■ **About this task**:
Transcribe only the lines in the data below falling between the line with "5. Once the" and the line with "今日の給食は主食・主菜・副菜・汁物がそろった、朝食モデル献立です。", including those two lines, and leave out any picture.

■ **Dataset records**:
Segment Open

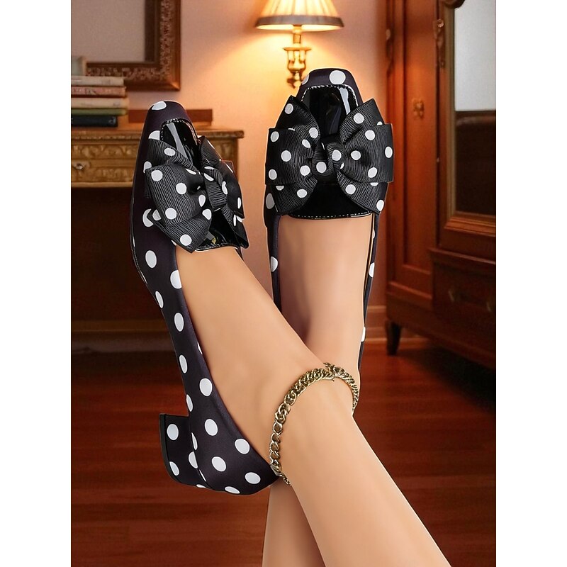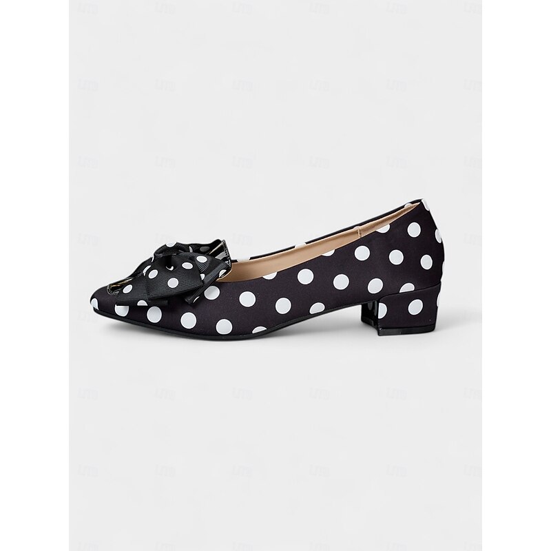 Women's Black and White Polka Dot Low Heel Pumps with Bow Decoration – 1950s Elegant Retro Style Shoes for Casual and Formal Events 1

Segment Closed
Segment Open

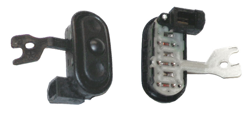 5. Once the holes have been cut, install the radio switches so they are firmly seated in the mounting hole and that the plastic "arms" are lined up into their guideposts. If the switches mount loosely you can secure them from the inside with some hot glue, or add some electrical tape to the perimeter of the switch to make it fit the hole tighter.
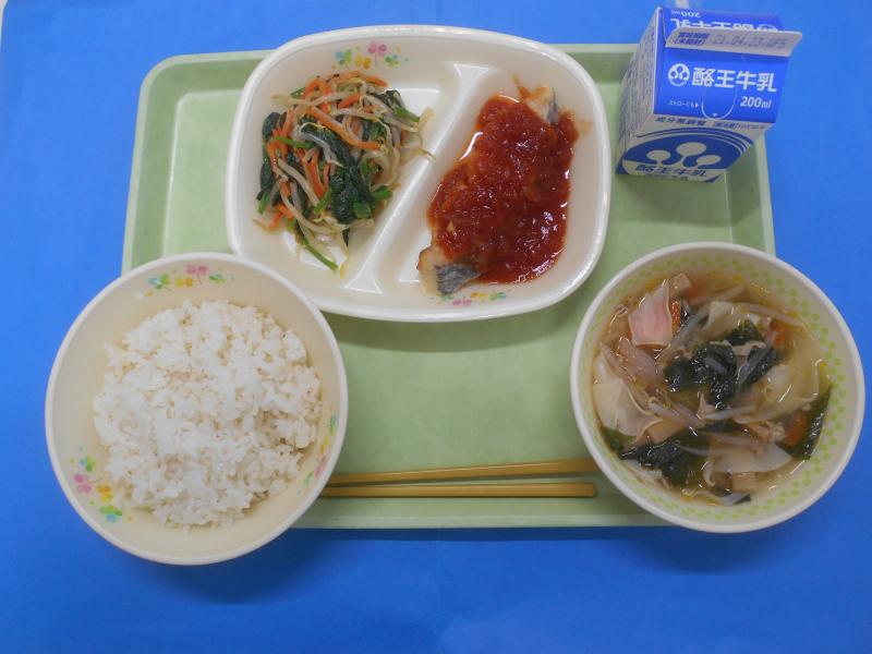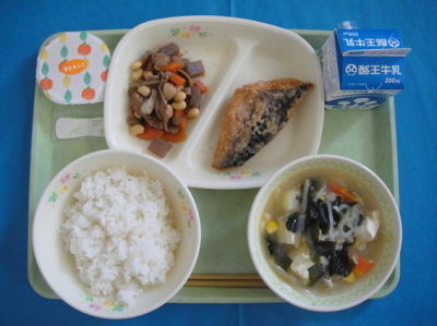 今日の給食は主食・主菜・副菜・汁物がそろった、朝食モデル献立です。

Segment Closed
Segment Open

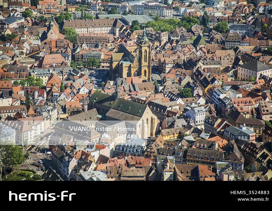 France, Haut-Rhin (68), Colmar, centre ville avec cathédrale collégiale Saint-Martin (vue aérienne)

Segment Closed

■ **Solved exercise**:
 5. Once the holes have been cut, install the radio switches so they are firmly seated in the mounting hole and that the plastic "arms" are lined up into their guideposts. If the switches mount loosely you can secure them from the inside with some hot glue, or add some electrical tape to the perimeter of the switch to make it fit the hole tighter.
 今日の給食は主食・主菜・副菜・汁物がそろった、朝食モデル献立です。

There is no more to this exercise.